I have few memories of Daddy during the first four years of my life. While we lived there he was either at the warehouse supervising the workers or traveling in the northern states drumming up trade for his and Uncle Frank’s lucrative produce business. I do remember his striking image when, like Uncle Frank, he dressed up in his white linen suit on special occasions, pausing at the garden during rose season to snap off a red rosebud for his coat lapel.

Granddaddy is a giant in my first memory of him. I am sitting on the floor, looking up and up into his teasing face under his straight dark hair. The whole house was filled with his presence, his voice, and his smell, a mixture of talcum powder and cologne, both of which he used liberally because he never bathed. He just splashed a little water on himself like Daddy did and depended on the toiletries to do the rest. But Granddaddy never smelled bad, unless you didn’t like the aroma of Prince Albert pipe tobacco that clung to everything he wore and permeated his skin. I loved its smell because his pipe, and the smell of it, were part of him, and he was as much a welcome part of my world as the sun, the pecan orchard, and the flower garden in the backyard with its row after row of blossoms.

I think of Granddaddy in a dark, pin-striped gabardine suit. Even at breakfast he wore a suit. After breakfast he’d sit on the front porch in one of the high-backed rocking chairs, cross his legs, and smoke his pipe. After a while Daddy would come out of the house and ask, “Are you ready to go to work, Daddy?” Granddaddy would get up and go with him, though he hadn’t worked in years.

Mostly I remember Granddaddy, still dressed in his pajamas, on mornings when I went to his room to play with him. I always gave him the baby doll whose glass eyes shut with a clanking sound and whose wooden head was covered with brown, carved curls. I pretended to give him the baby doll because she was best, but the real reason was that I loved my brown bear more.

Our play together was a daily ritual. Mother told me that Granddaddy was “a nice old man, but senile.” Lucille Williams, the African American woman who worked for my family from the time I was three months old, called him a “friendly old fellow.” “His mind had been out of order for so long,” she told me several years ago, “that they treated him like a little child.” Whatever the condition of Granddaddy’s mind, his heart and mine were of one accord in the early morning when the baby doll and the brown bear played together among the rumpled bedclothes.

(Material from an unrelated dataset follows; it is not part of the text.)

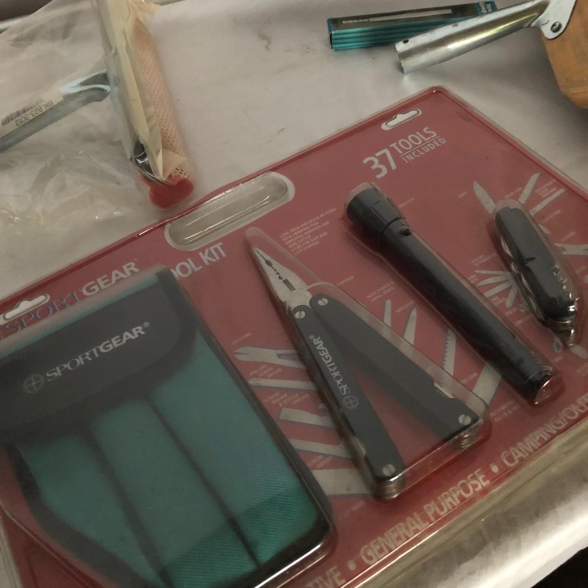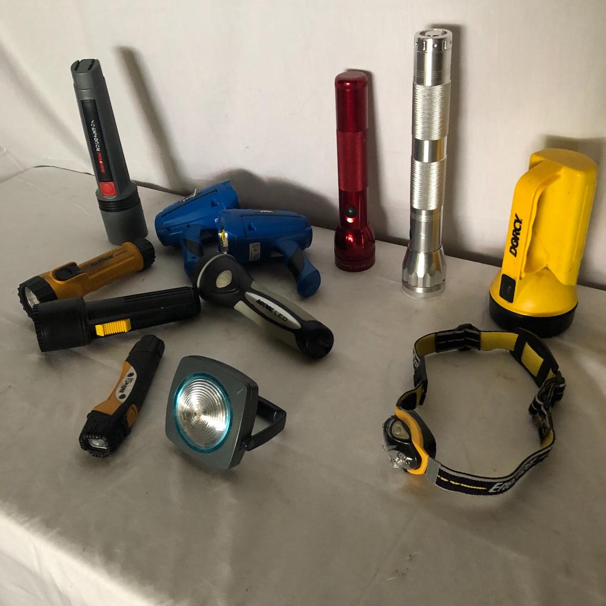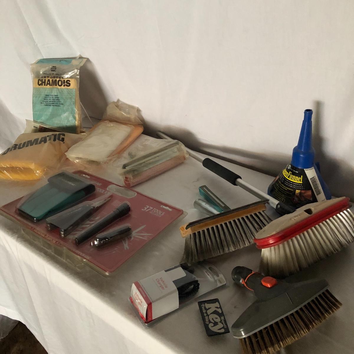 This lot includes car cleaning supplies plus large selection of flashlights! The car supplies are the following: chamois, wash clothes, a sponge, a multi-purpose tool kit-still in the box, brushes, tire gauge and more! There are also eleven flashlights and one headlamp. Not all flashlights have been tested. Local pick up only.

Then one morning, when I was three years and nine months old, Granddaddy wasn’t in his room waiting for me. His bed had been stripped down to the mattress, and the smell of him was hardly there at all. Baby doll and brown bear dangled useless from my hands.

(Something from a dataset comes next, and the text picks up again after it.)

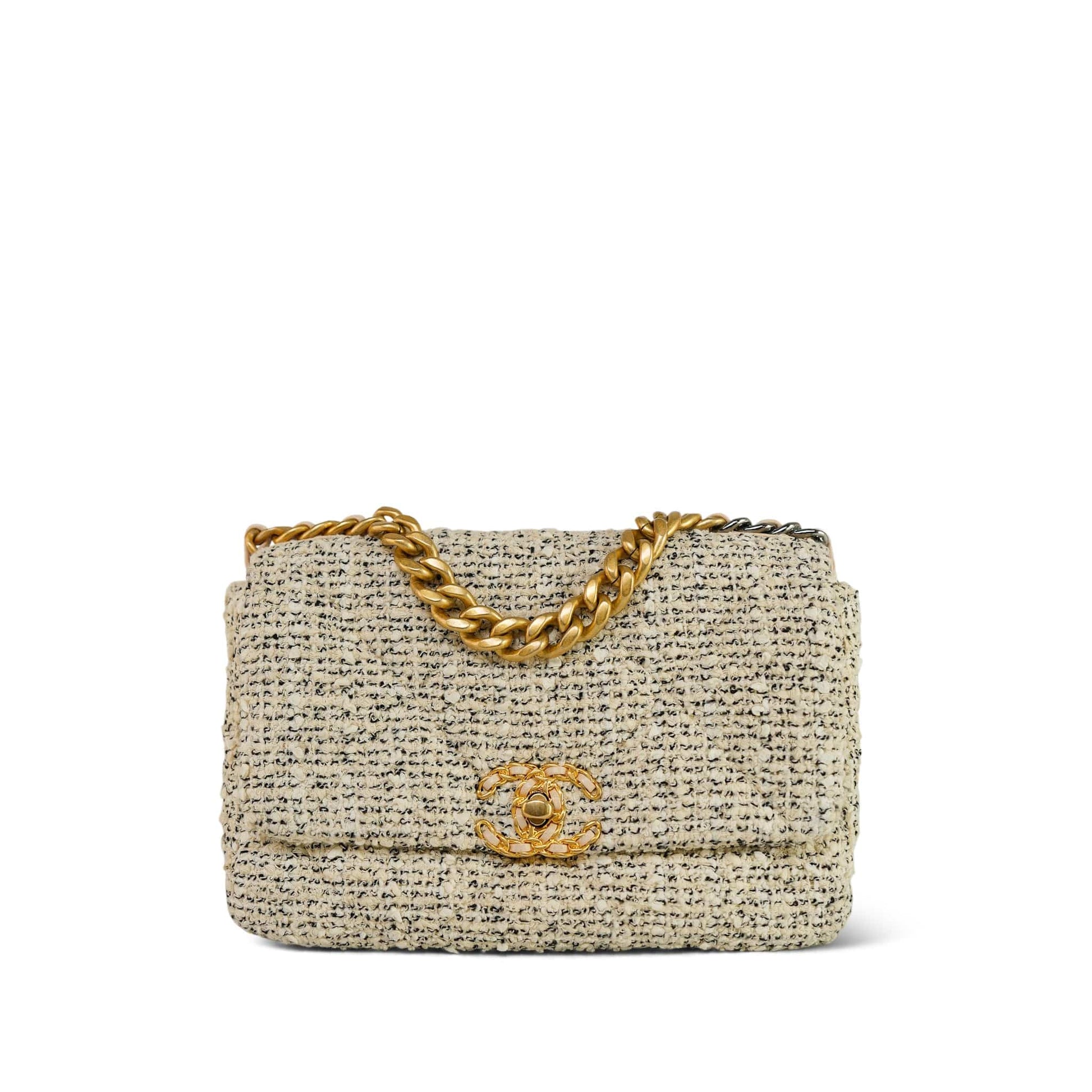 21S Ecru Black & White Tweed Quilted Small 19 Flap MHW

Later Mother held me in her arms in the living room as she stood over Granddaddy’s casket. Granddaddy looked odd and artificial, with his lips painted, rouge on his cheeks, and his mouth stitched into an expression I’d never seen before. Daddy had been mostly absent from my early childhood, and Mother had been distracted and distant. Only Granddaddy had been warm and welcoming, and he’d died and hadn’t taken me with him. More than half of my world was gone.

“You shouldn’t show him to her,” Daddy wailed to Mother. Daddy sat in a straight chair by the secretary, pressing his bald head hard against its dark wood, sobbing. When Mother put me down on the floor, I ran out of the living room and out the back door. Just across the fence, my friend June was playing in her yard. “June!” I called. “June! I have a dead Granddaddy in the living room!”

Lucille came and stood at the back-door screen. She’d mistaken my announcement to June as bragging, not the hysteria it was.

“Shame on you, Margaret Richter!” she yelled. “Shame on you!”

I fastened my eyes on the pecan grove, while I felt my heart heavy in my chest and mockingbirds called from the trees.